- Born: 1911 Winchcombe, Gloucestershire
- Died: 1994 (aged 82–83)
- Known for: Engraving, painting

= John Kingsley Cook =

English artist and engraver (1911–1994)

John Kingsley Cook (1911-1994) was an English artist, teacher and wood engraver.

==Biography==
Cook was born in Winchcombe in Gloucestershire in 1911, son of Henry Arnold Cook, a Congregational minister. In 1913, on Henry's appointment as minister of Rook Lane Chapel, the family relocated to Frome in Somerset. John attended Frome School of Art and Science, where he excelled, being described by the local newspaper as a "brilliant pupil". He left in 1928 to attend the Royal Academy Schools in London, where he was taught by both Walter Thomas Monnington and Walter Westley Russell. At the RA, Cook won a gold medal and a travelling scholarship. He went on to study at the Central School of Art and Crafts, specialising in wood engraving under the direction of Noel Rooke. In 1939, for the book publisher Harrap, he illustrated The Teamsmen by Crichton Porteous.

During World War II, Cook served as a wireless operator in the Merchant Navy. Cook was shipwrecked in October 1941 and spent several days in an open boat in the Mediterranean when his ship, the Empire Guillemot, en route from Malta, was attacked and sunk. Cook was then held captive in prisoner-of-war camps in Algeria for a year until the Allied landings in North Africa liberated the camps. Both while at sea and in the camps, Cook continued to sketch and, when possible, paint. In due course, the War Artists' Advisory Committee acquired some nine examples of these works and they are now held in the Imperial War Museum in London. After a period of recuperation, Cook rejoined the Merchant Navy and served on refuelling tankers in the Mediterranean until the war ended.

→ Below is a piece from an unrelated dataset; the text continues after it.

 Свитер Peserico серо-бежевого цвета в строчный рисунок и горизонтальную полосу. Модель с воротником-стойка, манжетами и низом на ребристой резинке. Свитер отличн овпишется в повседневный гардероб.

When his war service ended in 1945, Cook settled in Edinburgh and taught graphic design and engraving at the Edinburgh College of Art, where he also lectured on the history of art.

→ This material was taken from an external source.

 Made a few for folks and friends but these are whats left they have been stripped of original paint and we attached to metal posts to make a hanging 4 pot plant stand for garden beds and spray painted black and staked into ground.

In 1958 he created the mosaic wall at the Lady Altar in the newly built St Teresa's Church in Dumfries. Working in situ and with three assistants, it was completed in three weeks.

In 1960 he was appointed Head of Design at the College, a post he held until his retirement in 1971. In Edinburgh, Cook had a number of solo exhibitions at both the Demarco Gallery and at Open Eye Gallery but also showed in London including at the Gallery Upstairs at the Royal Academy. Cook toured a show of images called Microcosm and also produced a volume of poems and wood engravings entitled Aftermath, based on drawings made in Bristol and London after war-time air raids on those cities. Cook added a postscript, entitled The Greening to the volume in 1984. Later in life, Cook turned to a more abstract style of painting and also created large works on ecological themes.

A memorial show to Cook was held in 1995 at the Edinburgh College of Art and a retrospective exhibition was held at the Open Eye Gallery in 1999. Cook's wartime sketches were included in the War Artists At Sea exhibition mounted at the National Maritime Museum in Greenwich in 2014. A number of retrospective drawings Cook made, in the 1960s, of his wartime experiences are also held at Greenwich.